Pharmaciens d'hôpitaux recherchés
Chaque année, une soixantaine d’étudiants obtiennent un diplôme en pharmacie d’hôpital. Or, selon l’Association des pharmaciens des établissements de santé du Québec (APES), il faudrait en former près de deux fois plus pour répondre à la demande. «Notre province souffre d’une importante pénurie de pharmaciens d’hôpitaux depuis plusieurs années. De 16 % en 2006, elle est maintenant passée à 20 %», affirme Charles Fortier, président de l’APES. Toutes proportions gardées, cette pénurie serait donc de quatre à cinq fois plus élevée que celle qui touche le personnel infirmier.

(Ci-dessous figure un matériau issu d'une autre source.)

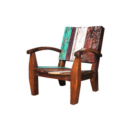 Кресло, выполненное из массива древесины старого рыбацкого судна, такой как: тик, махагон, суар, с сохранением оригинальной многослойной окраски.

Selon M. Fortier, cette situation s’explique simplement. «Il faut une maîtrise pour pratiquer en milieu hospitalier. Pourtant, les pharmaciens d’hôpitaux sont payés 30 % moins cher que ceux qui travaillent dans les pharmacies privées», expose-t-il. Autrement dit, les étudiants restent plus longtemps sur les bancs de l’école, mais gagnent un salaire moins intéressant.

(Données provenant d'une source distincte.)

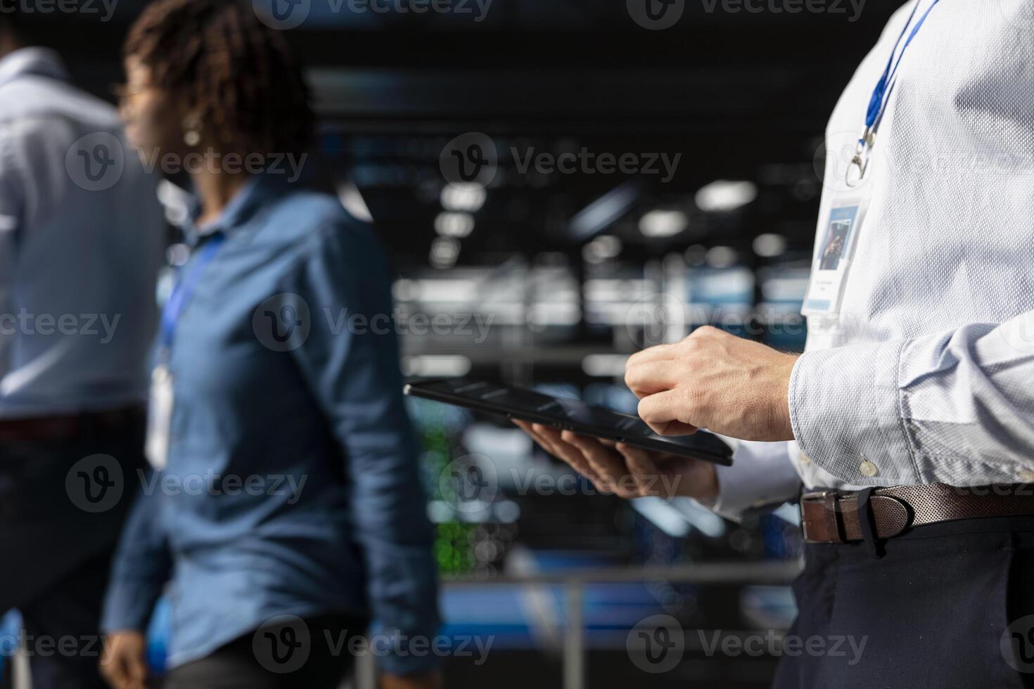 Server farm data scientist using tablet to review AI LLM visualization, intelligent systems for operational stability. Engineer analyzes neural network outputs for stable operations. Pro Photo

Marc Perreault, directeur du programme de maîtrise en pratique pharmaceutique de l’Université de Montréal, reconnaît que ce déséquilibre décourage plusieurs étudiants qui voudraient s’inscrire à la maîtrise. Ces dernières années, l’UdeM et l’Université Laval n’ont jamais été en mesure de combler les 70 places dont elles disposent ensemble dans ce programme.

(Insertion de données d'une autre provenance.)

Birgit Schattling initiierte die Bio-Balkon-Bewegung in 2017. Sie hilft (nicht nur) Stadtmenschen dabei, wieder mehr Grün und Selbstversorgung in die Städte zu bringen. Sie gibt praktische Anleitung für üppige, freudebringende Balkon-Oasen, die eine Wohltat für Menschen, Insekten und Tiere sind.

Si ce n’est pas pour le salaire, qu’est-ce qui pousse les pharmaciens à vouloir travailler dans un hôpital? «Il s’agit d’une pratique très diversifiée avec des cas complexes. On ne s’ennuie pas dans ce milieu», soutient M. Perreault.
Faire la différence
Geneviève Langlois travaille au Centre hospitalier universitaire de Sherbrooke depuis près d’un an en tant que pharmacienne. Métro s’est entretenu avec elle.
Pourquoi avez-vous choisi la pharmacie hospitalière?
Pour la diversité de la pratique. J’avais aussi envie de faire partie d’une équipe et de m’impliquer au sein de plusieurs comités.
Que pensez-vous de l’écart salarial entre les milieux hospitalier et communautaire?
Tout est relatif : je gagne quand même bien ma vie, je mange à ma faim et j’ai un toit au-dessus de la tête. Quand j’entends dire que certains pharmaciens d’hôpitaux sont obligés de travailler à temps partiel dans une pharmacie privée pour arrondir leurs fins de mois, je trouve ça complètement exagéré! Ceci dit, pour enrayer la pénurie de pharmaciens d’hôpitaux, il faut absolument réduire cet écart salarial.
Prévoyez-vous travailler encore longtemps en milieu hospitalier?
Oui, parce j’ai vraiment le sentiment de faire une différence dans la vie des patients. J’aimerais aussi un jour me spécialiser dans un domaine comme l’oncologie, chose impossible à faire en pharmacie communautaire.